I wrote this piece for the East Bay Express back in 1995. Though it might be a bit dated in some ways, I think it’s still relevant when thinking of Hillary Clinton past and present, now that she’s running for Prez herself.
Like many women, the real reason I voted for Bill Clinton was Hillary. Unlike most women who did so, however, I did not vote for Hillary Rodham Clinton because she would present to the world an image of a smart, independent American woman; nor did I vote for her because of the feminist influence she’d wield in the White House. I shamelessly confess that the reason I voted for Hillary Rodham Clinton was her hair.
That’s right–that bad hair of hers, trailing haphazardly behind a simple black headband, was a source of comfort and validation to me. Hillary’s uneven strands were refreshingly honest after Nancy Reagan’s inanimate bubble. Oh, sure, we had Barbara Bush’s silver wind-tossed curls for a few years, but let’s face it, I couldn’t relate. As a fortysomething woman, I could better identify with Hillary’s badly colored barely styled mop. I imagined that, like me, Hillary had probably spent years searching in vain for a flattering hairstyle, and had finally abandoned the effort: she’d stopped trying to force her hair (and by extension herself?) into shapes that hair was never meant to assume.

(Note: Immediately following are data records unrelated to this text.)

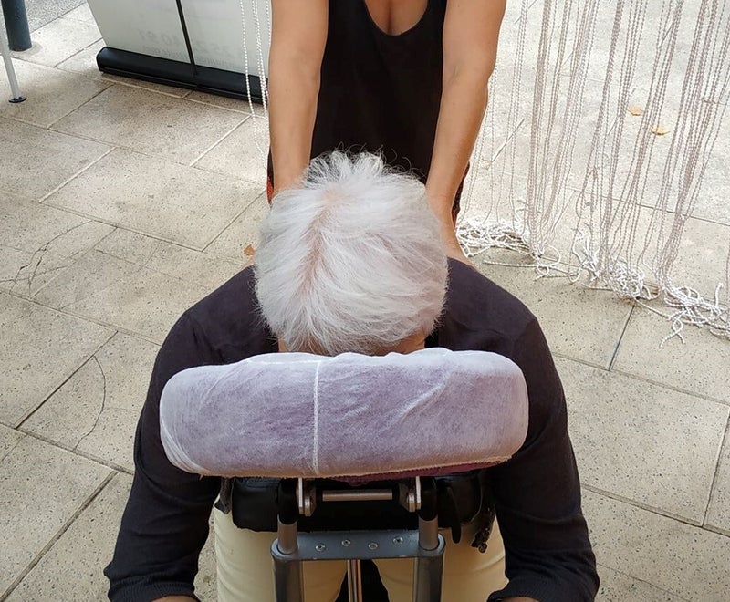 C'est un massage qui se pratique habillé sur une chaise ergonomique.
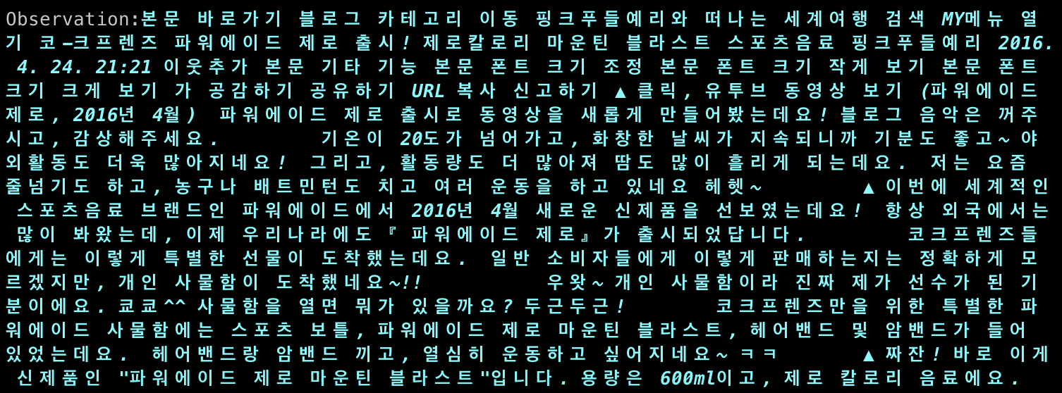 예를 들면 일반적이지 않은 파워에이드 제로칼로리에 대해서 물어보자.
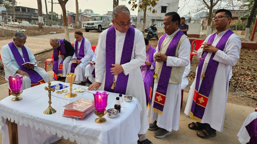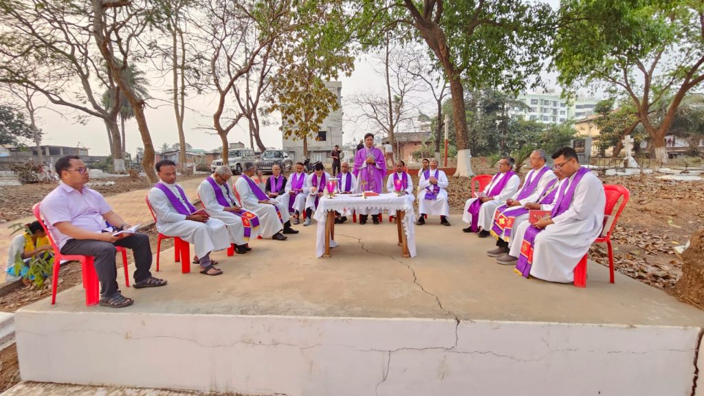The Provincial House Community, along with the neighbouring Salesian communities of Guwahati, gathered at the Uzanbazar Christian Cemetery on 22nd March 2025 for a Holy Mass to pray for the soul of Late Rev Bro Angelus Tete SDB on his first death anniversary. The Holy Mass was presided over by Rev Fr Bivan Rodrigues Mukhim SDB, Vice Provincial, and concelebrated by fifteen Salesians from different communities in Guwahati.
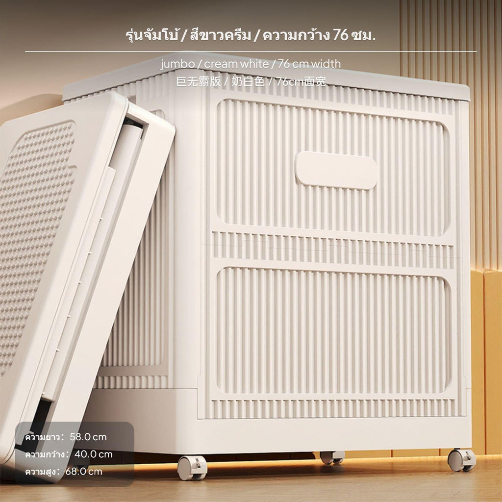 [Spacious superLarge Capacity] This 100L toy storage box is perfect for organizing plush toys and children's items, providing ample room to keep your child's belongings neat and tidy.[double-sided Opening Design for Convenience] Designed with a top flip lid and front door with a locking latch, making it easy to retrieve items from either side. The flip lid supports single-handed functionality for added convenience.[Portable and Space-Saving] Equipped with universal casters for easy mobility, and a foldable design that allows you to stow it away when not in use, saving valuable space in your home.[Stylish and Childchild-appropriate] Features a warm, cream gray finish with a modern aesthetic that blends seamlessly into any child's room. Its soft yet sturdy build ensures it is child-secure to handle.[Highly Protective and Hygienic] The fully enclosed dustproof design protects toys and other items inside, keeping the items clean, while the PP+HIPS material ensures enduring use with consistent reliability.Specification:
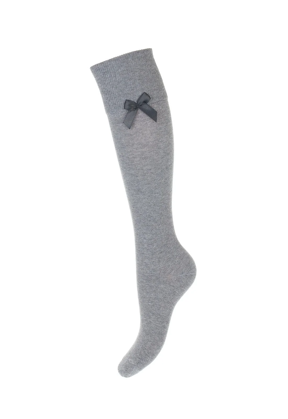 Podkolanówki damskie - bawełniane z dodatkiem włókien elastycznych - ozdobione satynowymi kokardkami   Skład: 75% bawełna, 20% poliamid, 5% elastan

I too had finally relinquished the dream of ever having a real “do.” The last in a long line of coveted hairstyles had been Candace Bergen’s: my elusive goal in mid-life was to look, hair-wise, like Murphy Brown. When I presented this proposal to my hairdresser, who has endured more abuse from me than anyone in this lifetime should have to put up with from anyone, she pointed out that Bergen is continuously shadowed on the set by someone wielding a comb and a can of hairspray.

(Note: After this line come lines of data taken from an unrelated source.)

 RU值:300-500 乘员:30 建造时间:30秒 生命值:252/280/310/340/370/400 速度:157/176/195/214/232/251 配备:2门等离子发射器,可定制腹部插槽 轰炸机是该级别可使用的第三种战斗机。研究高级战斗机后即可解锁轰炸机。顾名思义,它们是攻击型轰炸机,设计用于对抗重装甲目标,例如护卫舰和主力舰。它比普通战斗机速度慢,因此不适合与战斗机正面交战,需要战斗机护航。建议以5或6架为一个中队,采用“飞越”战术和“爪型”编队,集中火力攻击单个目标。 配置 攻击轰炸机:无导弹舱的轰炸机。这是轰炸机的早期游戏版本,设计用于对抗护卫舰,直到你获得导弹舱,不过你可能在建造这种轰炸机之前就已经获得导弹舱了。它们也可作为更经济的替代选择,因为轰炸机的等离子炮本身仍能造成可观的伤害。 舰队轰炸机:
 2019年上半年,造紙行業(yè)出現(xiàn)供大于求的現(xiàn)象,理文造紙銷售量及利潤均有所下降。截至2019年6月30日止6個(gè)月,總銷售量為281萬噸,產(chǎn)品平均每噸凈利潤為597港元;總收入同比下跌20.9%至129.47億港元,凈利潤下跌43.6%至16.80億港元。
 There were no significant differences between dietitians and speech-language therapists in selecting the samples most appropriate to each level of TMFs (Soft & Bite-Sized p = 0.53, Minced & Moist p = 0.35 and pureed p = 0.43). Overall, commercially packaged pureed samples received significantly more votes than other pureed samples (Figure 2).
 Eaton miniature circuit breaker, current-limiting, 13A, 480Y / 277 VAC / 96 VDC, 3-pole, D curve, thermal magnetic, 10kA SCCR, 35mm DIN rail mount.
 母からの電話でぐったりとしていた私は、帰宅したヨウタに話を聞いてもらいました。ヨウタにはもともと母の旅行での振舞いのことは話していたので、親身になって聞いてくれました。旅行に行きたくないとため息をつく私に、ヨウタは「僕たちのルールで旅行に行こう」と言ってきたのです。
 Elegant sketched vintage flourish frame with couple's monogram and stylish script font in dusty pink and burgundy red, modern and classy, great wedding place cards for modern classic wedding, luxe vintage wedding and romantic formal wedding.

As a more feasible plan, she suggested a bob. In utter despair and frustration I agreed to let her cut it: for the first time in over a decade I would take the plunge, or rather the reverse, and let my hair end well above the shoulder line. After the deed was done and I looked in the mirror, I let out a blood-curdling shriek that put my completely demoralized hairdresser out of commission for a week.

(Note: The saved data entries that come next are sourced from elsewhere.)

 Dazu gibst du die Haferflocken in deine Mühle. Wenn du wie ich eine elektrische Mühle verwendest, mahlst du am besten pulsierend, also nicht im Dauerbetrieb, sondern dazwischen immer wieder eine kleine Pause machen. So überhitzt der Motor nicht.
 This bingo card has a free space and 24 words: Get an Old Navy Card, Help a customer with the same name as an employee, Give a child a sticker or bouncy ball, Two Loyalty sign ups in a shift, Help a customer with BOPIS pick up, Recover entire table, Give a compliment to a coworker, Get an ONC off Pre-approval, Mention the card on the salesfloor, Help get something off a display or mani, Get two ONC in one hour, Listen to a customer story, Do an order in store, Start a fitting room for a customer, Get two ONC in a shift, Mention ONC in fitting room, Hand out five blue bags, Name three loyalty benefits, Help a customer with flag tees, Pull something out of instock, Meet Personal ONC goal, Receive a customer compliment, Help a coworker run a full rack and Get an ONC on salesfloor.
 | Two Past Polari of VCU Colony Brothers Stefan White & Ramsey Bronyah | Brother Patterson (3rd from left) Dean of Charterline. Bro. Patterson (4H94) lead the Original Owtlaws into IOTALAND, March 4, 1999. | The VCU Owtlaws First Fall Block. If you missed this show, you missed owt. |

With a few snips of her deadly shears I’d gained 20 pounds. My chin hung lower, my neck bulged eerily, my eyes had narrowed. Though everyone in my life insisted that I looked “sophisticated,” for the next six months I was inconsolable.
My tresses grew back to their normal state of unmanageability right around the time of the ’92 campaign. My spirits soared when I got a load of Hillary in her black headband: her mess gave me permission to keep mine. Most significantly, she seemed nonchalant about unsophisticated hair. It didn’t prevent her from wearing tailored suits or even drawing attention to the situation by donning a chapeau. Liberated at last, I stopped getting trims. I threw out all my ponytail holders and those plastic combs that I’d never really learned how to use. I bought a plain black headband and let it flow.
And then my role model betrayed me by getting cut and poufed. My life has not been the same.
It’s easy to guess how this disaster came about: some suave political handler told Hillary that growing up meant shaping it up. He (I’m sure it was a he) probably told her that in these times of fervid debate around health care, the nation’s First Lady ought to have healthy looking hair. But whose standards determine health when it comes to hair? After all, she had to have used a ton of hairspray–decidedly unhealthy– to maintain that bulbous sculpture she sported the night of the big health care speech.
Since then, Hillary’s hair has undergone dozens of permutations. Some of them are really just a variety of the headband bit; others more complex. I concede that she frequently appears more “with it,” now: she looks a lot less like an insouciant hippie undisturbed by extramarital affairs, and more like a public policy maker. But with no more bad hair days, Hill just isn’t someone I could comfortably sit down with to commiserate, not only about our hair, but also about our men, our kids, our jobs. Whereas before she looked like someone I’d go to for advice, now she looks like someone I’d have to pay for it.
So I’m not sure how I’ll vote in ’96. After all, a lot can happen to a woman’s hair during a Presidential campaign. She could decide to get a perm, another solution I periodically consider. She might even let it grow out.
Or she might win my vote by including treatment for the hair impaired if national health reform ever becomes a reality.